# fpnmf's tutorial to Raptor700



## raptor700 (Jul 7, 2011)

My neighbor walked me through my first bacon experience.

And let me tell everyone that has doubts about curing their own meat, It's not rocket science!

Pops recipe is all you need,

Here it is after brining and into the MES with Todds newest creation.

I think it was apple and hickory, My "neighbor" will correct me if I'm wrong.
	

	
	
		
		



		
			












Smoked 13 hours from 1 load of pellets 
	

	
	
		
		



		
		
	


	











Slices are soon to follow......................

Thanks neighbor!


----------



## smokinstevo27 (Jul 7, 2011)

Would it be uncouth to just order an unsliced slab of bacon and go to town with a knife and fork? Ah, maybe I could get away with it in private haha. Great looking bacon Rap!


----------



## fpnmf (Jul 7, 2011)

Yer welcome neighbor!!

Anytime!!!

It's always a pleasure hangin out with ya!!

Craig


----------



## roller (Jul 7, 2011)

That looks good.


----------



## raptor700 (Jul 7, 2011)

smokinstevo27 said:


> Would it be uncouth to just order an unsliced slab of bacon and go to town with a knife and fork? Ah, maybe I could get away with it in private haha. Great looking bacon Rap!
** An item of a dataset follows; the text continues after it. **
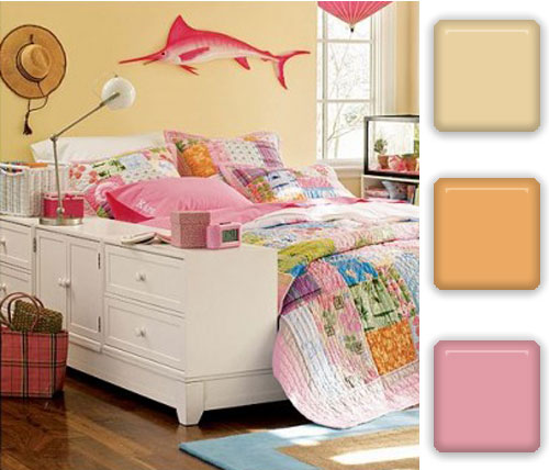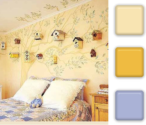 充滿溫馨的色彩,蘊涵著孩子對美好事物的追求和憧憬,采用橙黃黃色整體裝飾的兒童房光線清淡柔和。

Thanks Stevo, the slices are gonna be even better.


----------



## raptor700 (Jul 7, 2011)

fpnmf said:


> Yer welcome neighbor!!
> 
> Anytime!!!
> 
> ...


  Thank you neighbor, see ya tomorrow with a care package


----------



## meateater (Jul 7, 2011)

Great looking bacon Rap.


----------



## venture (Jul 7, 2011)

Why the need for this post?

Between Pops and Craig, how could you go wrong?

Good luck and good smoking.


----------



## SmokinAl (Jul 8, 2011)

Nice job Rap! I use Pop's recipe too and it just couldn't be easier.


----------



## Bearcarver (Jul 8, 2011)

Awesome Rap! (and Craig & Pops)!!!

Nice color!------13 hours!!---sniff-sniff I only got 11 1/2 hours ----Maybe that little bit of heat made mine burn a little quicker.

Nice BearView of that stack of goodness too!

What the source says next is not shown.